An increased pressure in the right atrium in the presence of PFO favors the blood-passing from pre-pulmonary to systemic circulation. That induces a right-to-left shunt (paradoxical passage) of platelets with their Serotonin content and other vasoactive amines from venous to arterial circulation. Serotonin (present in the platelets) is removed by pulmonary monoamine oxidase enzyme when the blood flow normally reaches the pulmonary circulation.
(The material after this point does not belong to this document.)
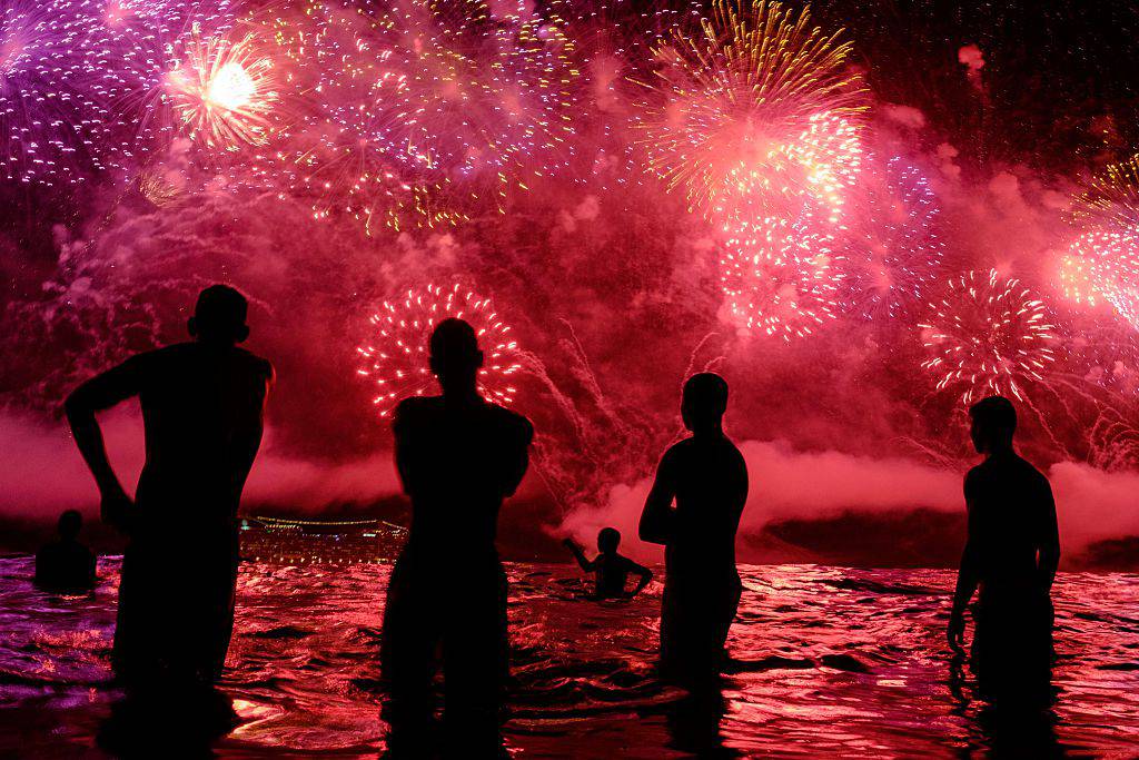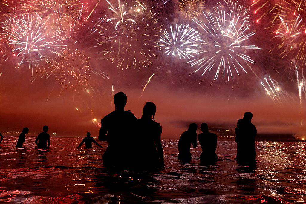 Lo spettacolo dei fuochi di artificio sulla spiaggia di Copacabana, così Rio De Janeiro dà il benvenuto al 2016, l’anno in cui nella città si terranno le Olimpiadi, per la prima volta in Brasile.
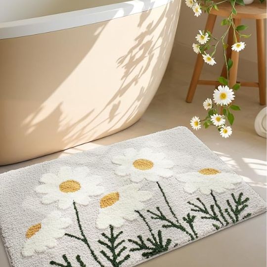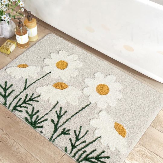 🌼 “Fluffy Bloom Bliss™ – Ultra-Soft Daisy Flower Mat for Bathroom 🌸 | Non-Slip 🌿 | Machine Washable 🌀 | Absorbent & Cozy Comfort Step”

For rightto- left shunt, Serotonin (jointed at the brain arterial circulation) may irritate the trigeminal nerve, triggering migraine. Concerning the connection of the monamine neurotransmitter and migraine, it must be added that Serotonin antagonizes Triptans that abort migraine attacks, favoring these [15]. Concordantly, a small study has demonstrated that aspirin, an antiplatelet drug that reduces the formation of platelet-fibrin complexes, improves migraine [16]. Finally, Mazal and Rachmilewitz evidenced that an antiserotonin agent, Pirotifen, reduces platelet ’ s aggregability in migraine patients and improves this neurological disorder [17]. The nociceptive effect of Serotonin on meningeal covering of trigeminal nerve was recently still reported [18]. Conclusively, the relation between PFO and migraine is explained by the effect of some vasoactive substances (such as 5HT), normally removed in the pulmonary circulation that, in the presence of right-to-left shunt, can bypass lungs filter and enter in cerebral circulation, inducing migraine attack [19]. Another mechanism related to the relationship of PFO with migraine is that transient hypoxemia due to the paradoxical shunt of blood through the PFO causes microinfarcts in the brain, leading to brain-irritation [15]. It was also added that some data suggest the prevalence of migraine with aura in PFO-patients, depends on the size of right-to-left shunt. This resulted in the hypothesis that substances that circumvent the pulmonary filter, can cross the shunt and cause arterial vasoconstriction, precipitating migraine with aura [19]. With regard to aura in PFO-patients, it must also add that the prevalence of PFO in migraine with aura ranges between 41% and 89%, whereas it is between 7% and 34% in migraneurs without aura [20].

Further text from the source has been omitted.